Trolling only works if it has a claim to reason, however tenuous or disputed. Thinking that the feminist movement promised that all women would love the drudgery of day-to-day mothering is so completely backwards from reality that the attempt comes across less as provocative trolling and more as "are you having a stroke?"
Anonymous
OP I feel the same way.

I think how you feel is more normal than you think. It’s only in modern times that parenting has been advertised as “fun”. Women traditionally haven’t had the time to play with kids and weren’t expected to be a playmate. Women had manual chores to do or other kids to tend to.

Hang in there.
Anonymous
Anonymous wrote:I thought about where to post this but think this might be the best forum. I am 46 and have a 5 year old and 11 year old. I really dislike being a mom. I love my kids. I think they are amazing but I can't stand parenting. I try hard to be patient and loving but I feel like I don't have any ability to just do whatever I want to do. I know this sounds really selfish. I get that I brought these kids into the world - they didn't have the choice. But how do I get to a better place? How do I stop resenting being a mom? I hate constantly telling them to not fight. To be kinder to each other. They don't listen and then I lose my cool.

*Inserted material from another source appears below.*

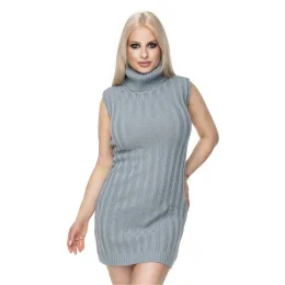 Pletené mini šaty bez rukávů. Šaty s širokým žebrovaným vzorem. Šaty mají rolák. Zajímavý střih ideální pro mnoho příležitostí.

My husband is angry that I don't spend more time volunteering at their schools, playing board games with them and getting more involved with their activities. I don't know how to do as much as he does - I simply don't care. I hate board games. I spent 3 hours volunteering at their field day and I wanted to poke my eyes out.

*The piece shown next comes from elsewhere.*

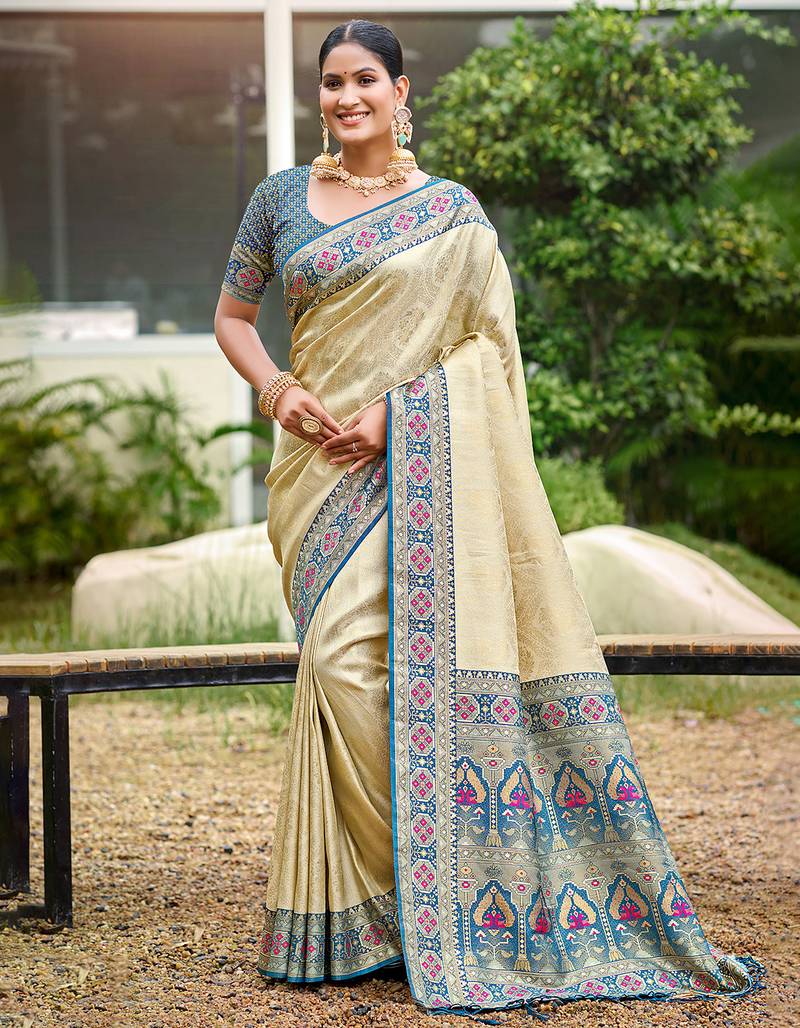Border Blue With Sari Cream Silk Blend Woven Work Traditional Saree

It's getting to a place where I just want to run away. I feel like any effort I make is not enough. Is this normal or do most moms love being a mom? I really regret a lot of my decisions in life. I just can't wait for them to grow up so I have the freedom to do what I want to do. Jeez, I sound like a horrible person.


My dad never once played a board game with me and he was still a great dad. My mom was depressed and anxious and never did school stuff and I know she loved me and I turned out fine. I wouldn’t worry too much about those things. But you need to carve out time for yourself somehow.